Clients/patients is not the only group facing accessibility challenges. Initial interviews conducted by the stepped care project team to understand family physicians’ needs revealed family doctors also face accessibility challenges when seeking counselling or psychotherapy services for their patients with anxiety and depression.

The considerable administrative tasks associated with seeking appropriate referrals often cause family physicians to handle them themselves, diminishing the quality of interaction between a family doctor and a patient.

By introducing a mental health navigator in the referral pathway, the stepped care model relieves some of the commonly occurring and significant challenges for both patients and family doctors, while also making effective use of the health system’s resources.

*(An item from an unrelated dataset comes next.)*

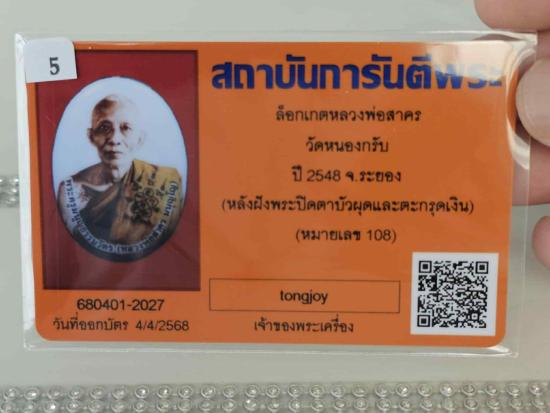 ล็อกเก็ตหลวงพ่อสาครปี 2548 หลังฝังพระปิดตาบัวผุดและตะกรุดเงินหมายเลข 108 พร้อมบัตรครับ

Sara mentioned the mental health navigator’s role having a four-pronged approach;

  • Case management: Ensuring patients feel supported, developing care plans, following up every 2-3 weeks, and relaying information back to family doctors
  • Brief-talk therapy: Ensuring clients can cope with distressing situations and routine challenges by talking to a trained professional while they wait for specialized care
  • Customized care: Providing accessible list of resources tailored to the patient’s needs and circumstances
  • Warm transfer: Assisting with a three-way call to support patients with completing intakes over the phone, allowing them to build confidence and trust newly found resources

Each step focuses on improving the quality of patients’ lives and adding value to the patient-doctor relationship.

32 family physicians, all members of the DET Family Practice Network and registered with the St. Michael’s Hospital SCOPE program, have enrolled in the pilot.

Participating physicians have collectively referred 243 clients to the mental health navigator, allowing the navigator to provide over 544 counselling sessions between April 2022 and October 2023.

While the project team continues to evaluate the impact of the pilot on patient experiences and outcomes, it is clear in the initial phase of the implementation that the pilot has allowed synergies between family physicians and the mental health navigator.

The project team aims to use their findings to inform the long-term growth and sustainability of the Stepped Care Pilot and similar programs. This will ensure that the positive outcomes not only benefit the local community, but also contribute to the broader mental health landscape.